WHAT IS EXPECTED = Set down the lines below, exactly, starting at the one that contains "ブレイクスルーポイント|柑橘" and stopping at the last line, inclusive. Omit pictures.

MATERIAL PROVIDED =
((

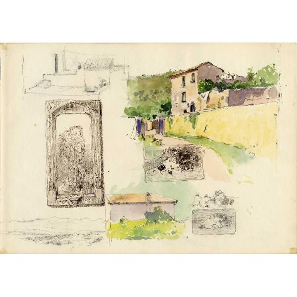 matita, penna, inchiostro bruno a pennello e acquerello su carta bianca
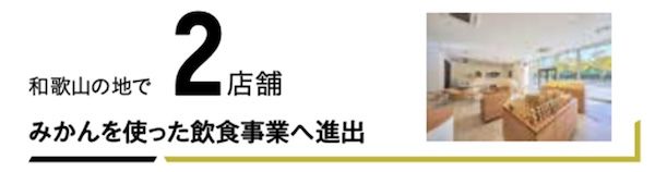 ブレイクスルーポイント|柑橘加工品の製造販売という従来事業から、みかんを使った飲食事業へと領域を大きく拡大した。和歌山の地で2店舗を新規オープンし、「食べる・買う・体験する」を一体化した顧客接点を構築。地域の魅力発信拠点として観光需要も取り込みながら、ブランド価値と売上の両方を高めることに成功している。
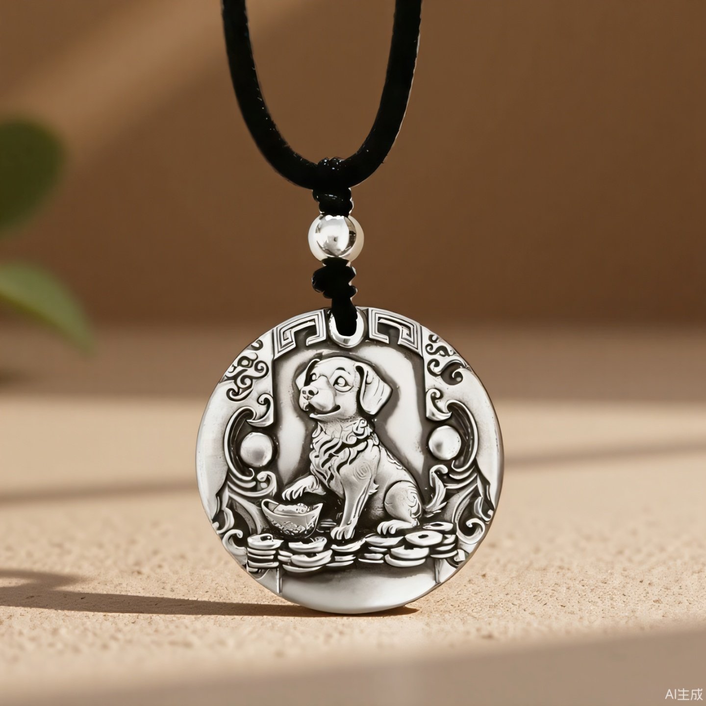 Foot silver 999 dog pendant sterling silver necklace zodiac natal year zodiac sign fortune dog round brand keychain
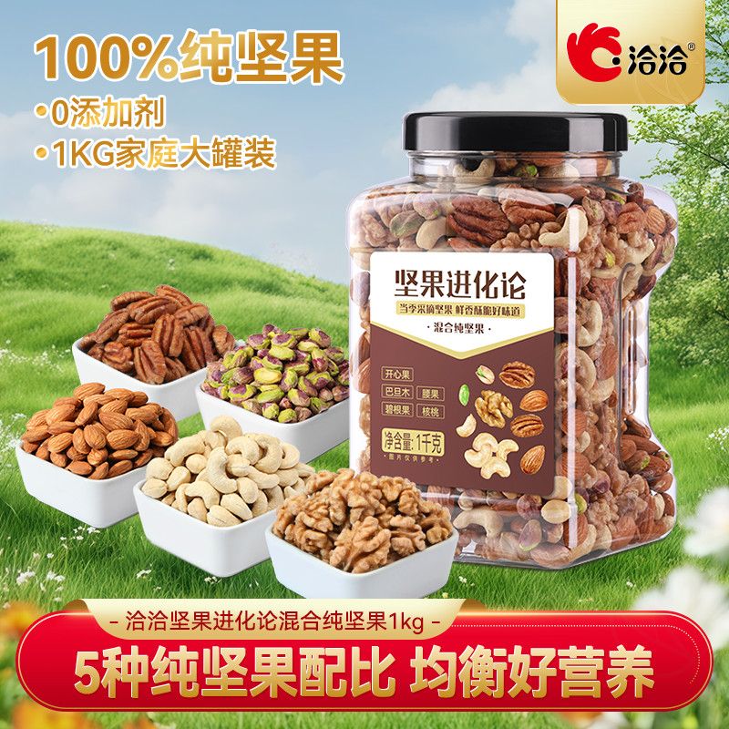拼多多正在进行百亿补贴活动,洽洽坚果进化论每日坚果罐装1000g大桶分享装值得关注。这是一款纯坚果果干的休闲零食,适合大家一起分享。

))

ANSWER SECTION =
 ブレイクスルーポイント|柑橘加工品の製造販売という従来事業から、みかんを使った飲食事業へと領域を大きく拡大した。和歌山の地で2店舗を新規オープンし、「食べる・買う・体験する」を一体化した顧客接点を構築。地域の魅力発信拠点として観光需要も取り込みながら、ブランド価値と売上の両方を高めることに成功している。
 Foot silver 999 dog pendant sterling silver necklace zodiac natal year zodiac sign fortune dog round brand keychain
拼多多正在进行百亿补贴活动,洽洽坚果进化论每日坚果罐装1000g大桶分享装值得关注。这是一款纯坚果果干的休闲零食,适合大家一起分享。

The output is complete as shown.